2014年2月8日土曜日

WSJ: 日本をみるもう一つの視線

ソチ冬季五輪が始まった。
北海道でも札幌雪祭りや、小樽の雪明りの路が始まった。
いつの間にか正月、松の内、小正月、節分、立春が過ぎて、春をまつ季節になってきた。
今週は毎日会議があり慌ただしかったが、今年度の仕事もそろそろ一段落させる時期である。

それはそうと……

特定の新聞社が一つの観点にたつ意見を記事にしたとしても、それと矛盾する見方は一切とらないという意味ではない。

互いに矛盾する内容の意見を並列して認めることは、真理を得る帰納的方法においては、必ず行わなければならない鉄則である。

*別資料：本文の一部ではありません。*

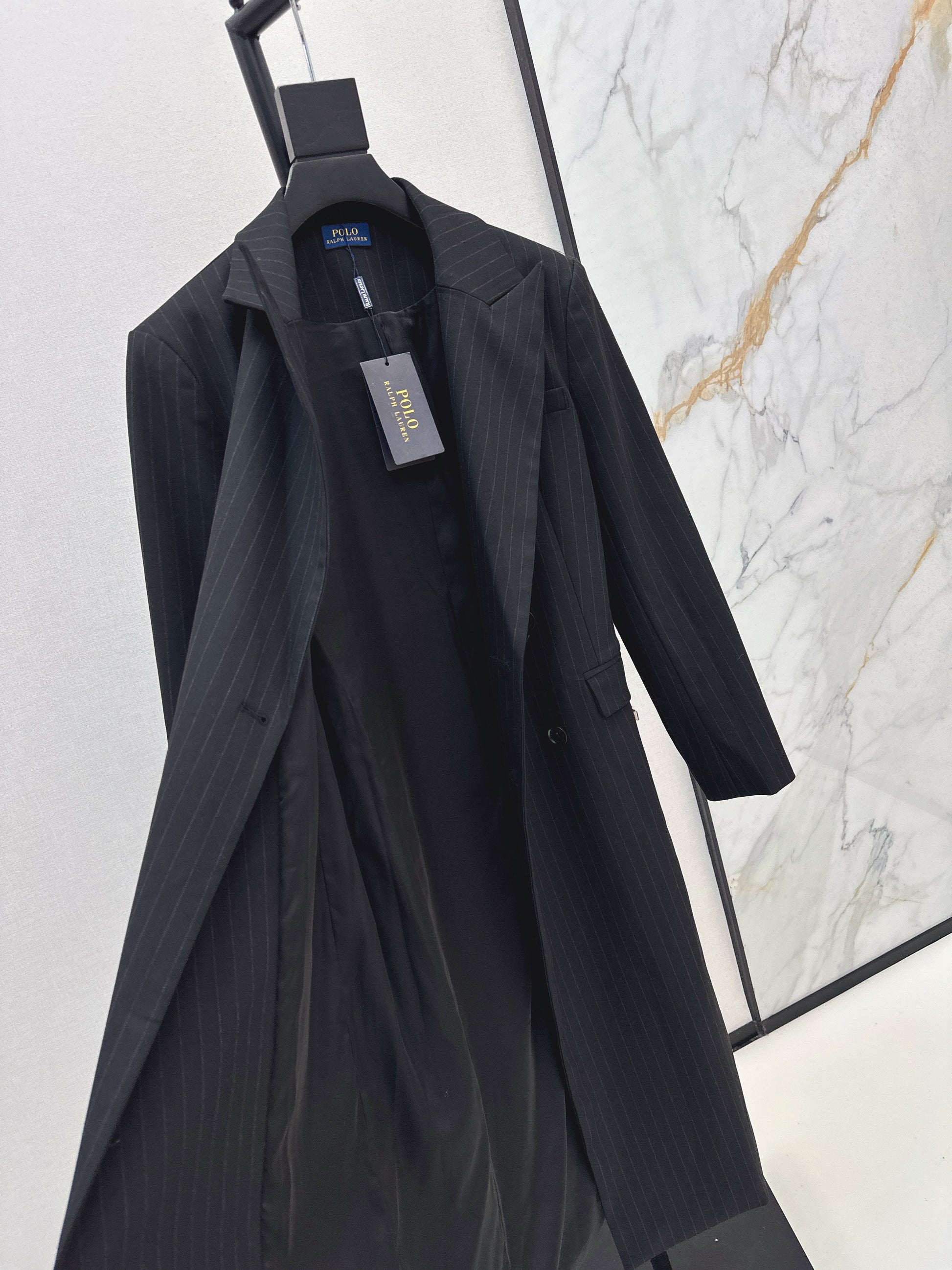 Classic double breasted fashionable combination with H-shaped cut over the knee length, elegant, dignified, stable, and generous workmanship details are also great. The vertical stripes have a visual effect of elongating the body, making it appear thin and tall. Paired with a waistband design, the waistline can be raised in one second. Whether worn alone or in layers, it has its own sense of fashion. It can be used for commuting or daily life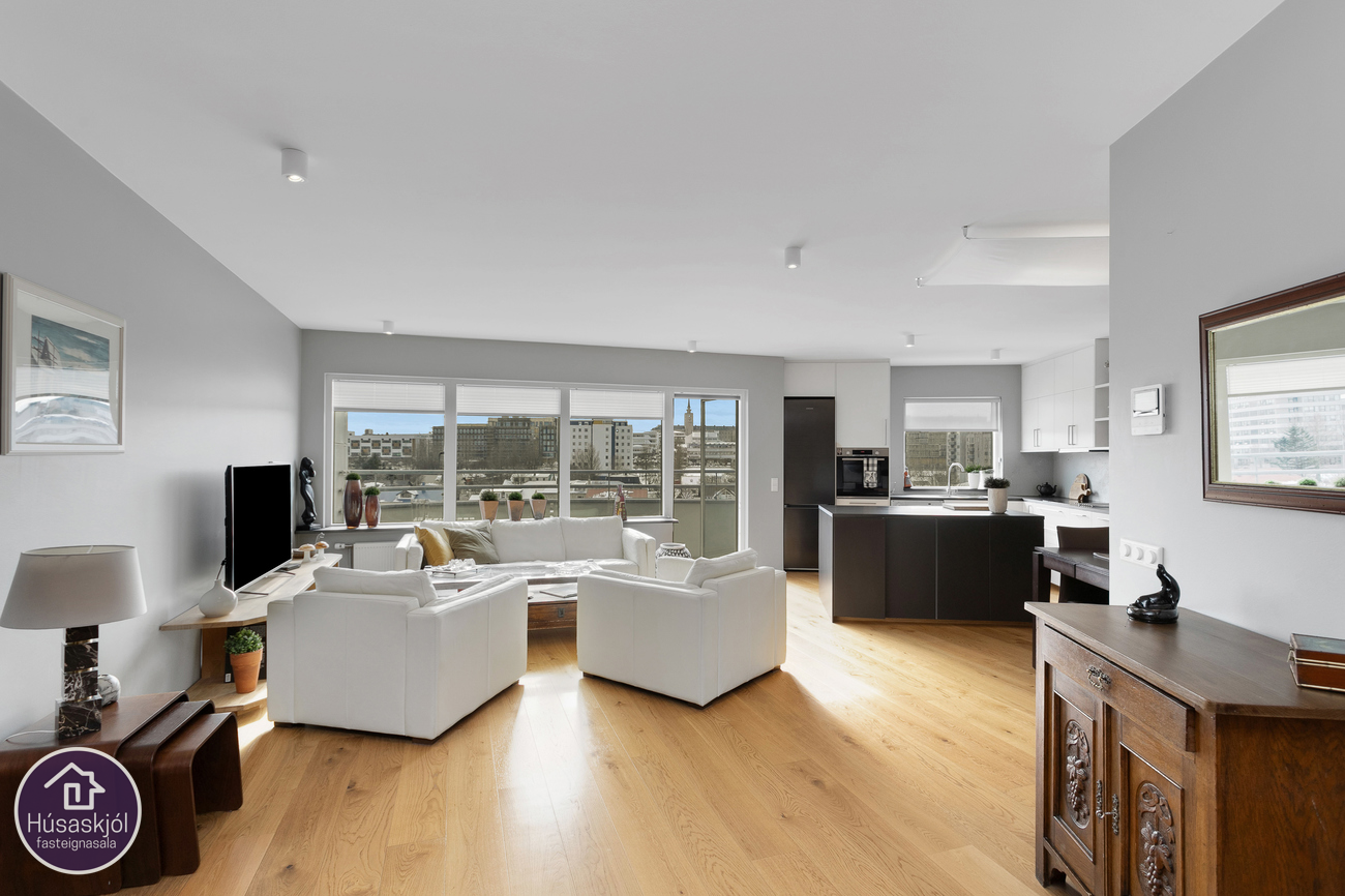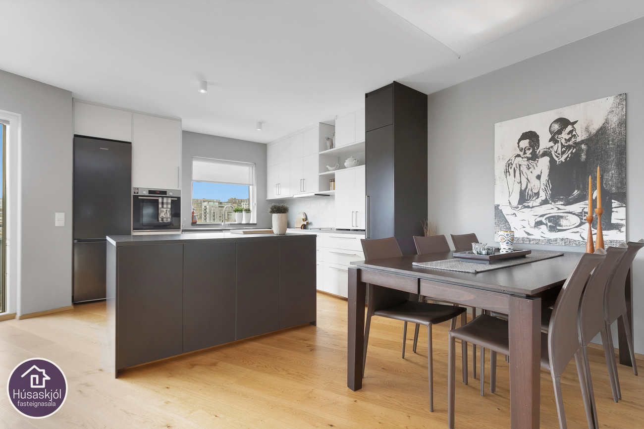Alrýmið er opið, stofa, borðstofa og eldhús. Heilborða parket á gólfi og falleg innrétting, með eyju. Útgengi á svalir er frá stofu.

端的にいえば、ある時点で知られていることは必ず一面的であって、真理を示唆する材料にすぎない。個別に一つずつをとりあげて、それが正しいとか、誤りとかを言っても、さほどの意味はないのであって、常に全体的な見方の転換というのは起こりうるものである。「パラダイム・シフト」という言葉を知ってはいても、実際に身につけて日常的に生かすことは難しいものだ。

前回投稿のあとWall Street Journalが社説を載せた。『日本には集団的自衛権が必要―アジアの民主主義に貢献』がタイトルになっている。最後の下りをここでは引用しておきたい。
憲法の新たな解釈が日本の軍隊から制約を完全に取り除くことはないだろう。安倍首相は憲法改正を求めたい考えだ。中国は集団的自衛権をめぐり大騒ぎする一方で、中国政府首脳は自らの行動が政治的に道筋を開いたと考えるかもしれない。中国が尖閣諸島や南シナ海の問題をめぐって武力で現状を変えようとし続けるなら、安倍首相あるいは次の首相が憲法第9条を丸ごと削除するかもしれない。 
 安倍首相は、日本をアジアで主導的役割を果たすことのできる正常な国にしようとする取り組みにおいて称賛に値する。日本政府は平和に貢献し、この70年間で過去の行為を償ってきた。日本は民主主義のため隣国に安全を保障するという自らの役割を果たすべき時がきている。
(出所)ウォール・ストリート・ジャーナル、2014年2月6日

 小生は、矛盾した意見を時に応じて平気で次々に言う人が大変好きである。それぞれが、その人にとっては真理であり、個々の矛盾はそれだけ現実が多面的で、互いに矛盾しているかのように見える世界であることの反映だからであって、混沌とした発言はむしろ奥深さを意味していることがあるものだ。

ここまで書いて連想したのは、かなり昔に読んだハイエクの文章だ。
(設計主義的合理性の下にできあがった)設計によらずして、「成長して成った」制度に対する関心がこのより古き思考様式の復活へと導いた。(出所)ハイエク『市場・知識・自由』、第5章「デイヴィッド・ヒュームの法哲学と政治哲学」、137ページ
「古き思考様式」とはイギリス伝統の帰納哲学のことであり、制度の設計ではなく、制度の(自然的な)成長を重視した。成長を重視するというのは、その制度を導入する当初においては、まだ未熟・不完全であるが、永年をかけて国民が新しい服に慣れていくように、制度を修正していくということになる。最初が不完全なのだから、修正の頻度が高ければ高いほど、より速く完成されるわけでもある。

このような思考様式は、日本国憲法の「護憲派」にはとても容認できない立場かもしれない。護憲という言葉には、変革の拒否、完全なるものの守護という意味合いが込められている以上、上のような不完全なものを完全なものに直していくという発想が欠けているからだ。